─── Source material ───

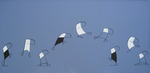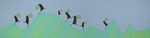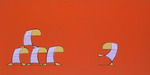 Deze grafisch weergegeven vogels zijn geïnspireerd op de papegaaiduiker. Het beestje teruggebracht tot een paar gebogen lijnen. De duikertjes hebben vrolijk gekleurde lichamen waar soms de wonderlijkste structuren en streeppatronen op te zien zijn. De eigenwijze vogels springen, stappen en duiken in het rond op de doeken. De humor spat er af!
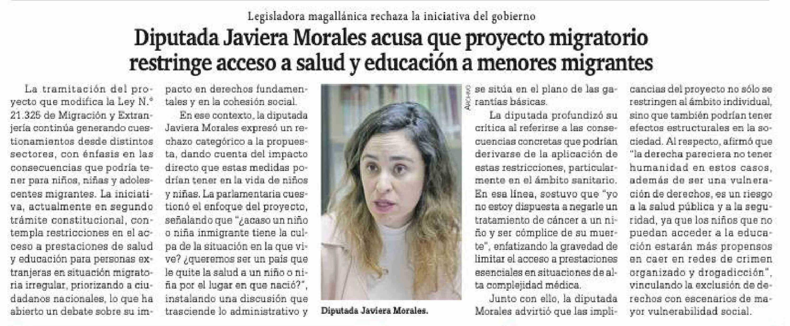 Diputada Javiera Morales acusa que proyecto migratorio restringe acceso a salud y educación a menores migrantes 30-03-2026 La Prensa Austral |
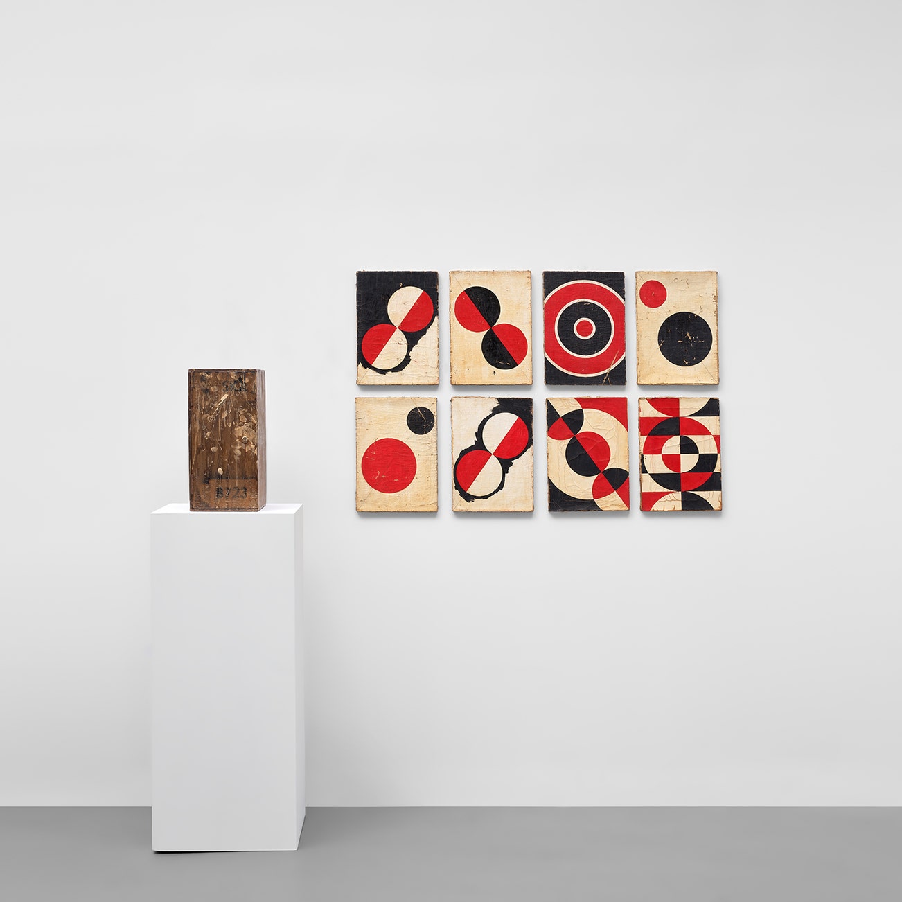 painted plywood, hardware and 8 oil on linen paintings
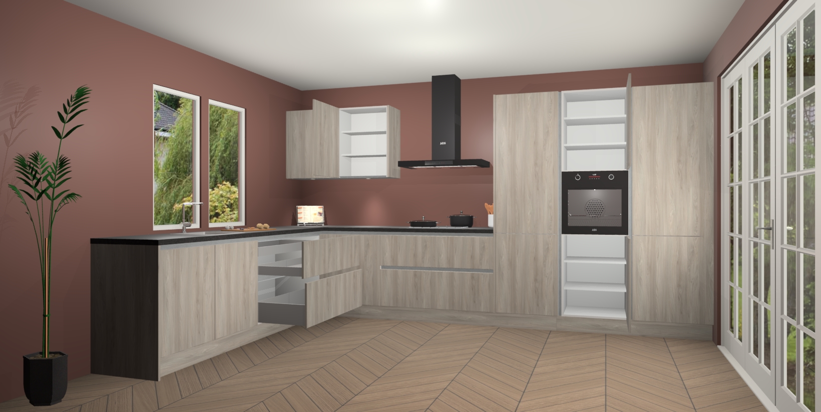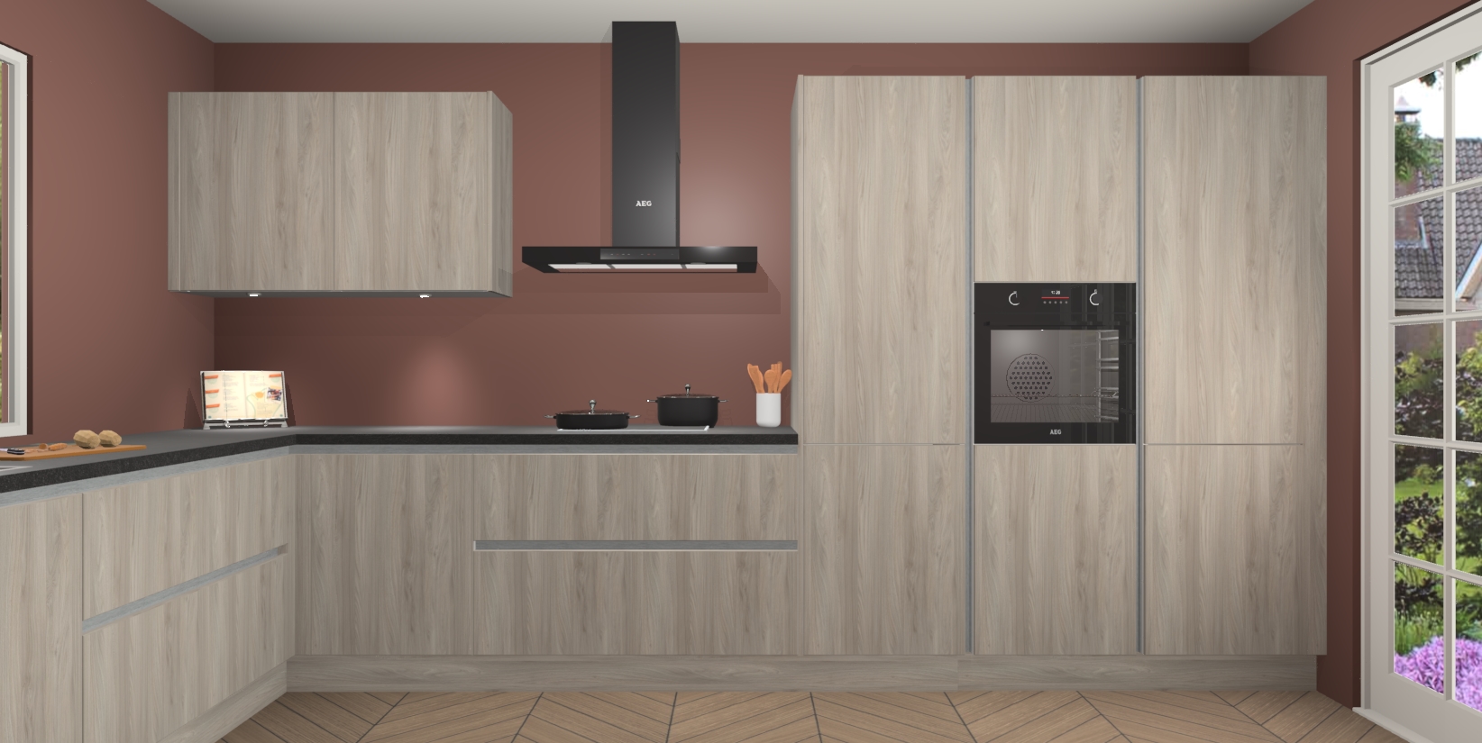 Kom dichtbij de perfecte keuken van uw dromen met de Olm greeploze keuken Debrecen. Met een prachtige houtlook en eigentijds ontwerp, straalt deze keuken warmte en sfeer uit. Of u nu liefhebber bent van traditionele of moderne stijlen, er is genoeg ruimte om aan al uw behoeften te voldoen.

───

> _Goal of the exercise_
The whole listing should be retyped word for word; none of its pictures belong in the copy.

> _Exercise result_
 Deze grafisch weergegeven vogels zijn geïnspireerd op de papegaaiduiker. Het beestje teruggebracht tot een paar gebogen lijnen. De duikertjes hebben vrolijk gekleurde lichamen waar soms de wonderlijkste structuren en streeppatronen op te zien zijn. De eigenwijze vogels springen, stappen en duiken in het rond op de doeken. De humor spat er af!
 Diputada Javiera Morales acusa que proyecto migratorio restringe acceso a salud y educación a menores migrantes 30-03-2026 La Prensa Austral |
 painted plywood, hardware and 8 oil on linen paintings
 Kom dichtbij de perfecte keuken van uw dromen met de Olm greeploze keuken Debrecen. Met een prachtige houtlook en eigentijds ontwerp, straalt deze keuken warmte en sfeer uit. Of u nu liefhebber bent van traditionele of moderne stijlen, er is genoeg ruimte om aan al uw behoeften te voldoen.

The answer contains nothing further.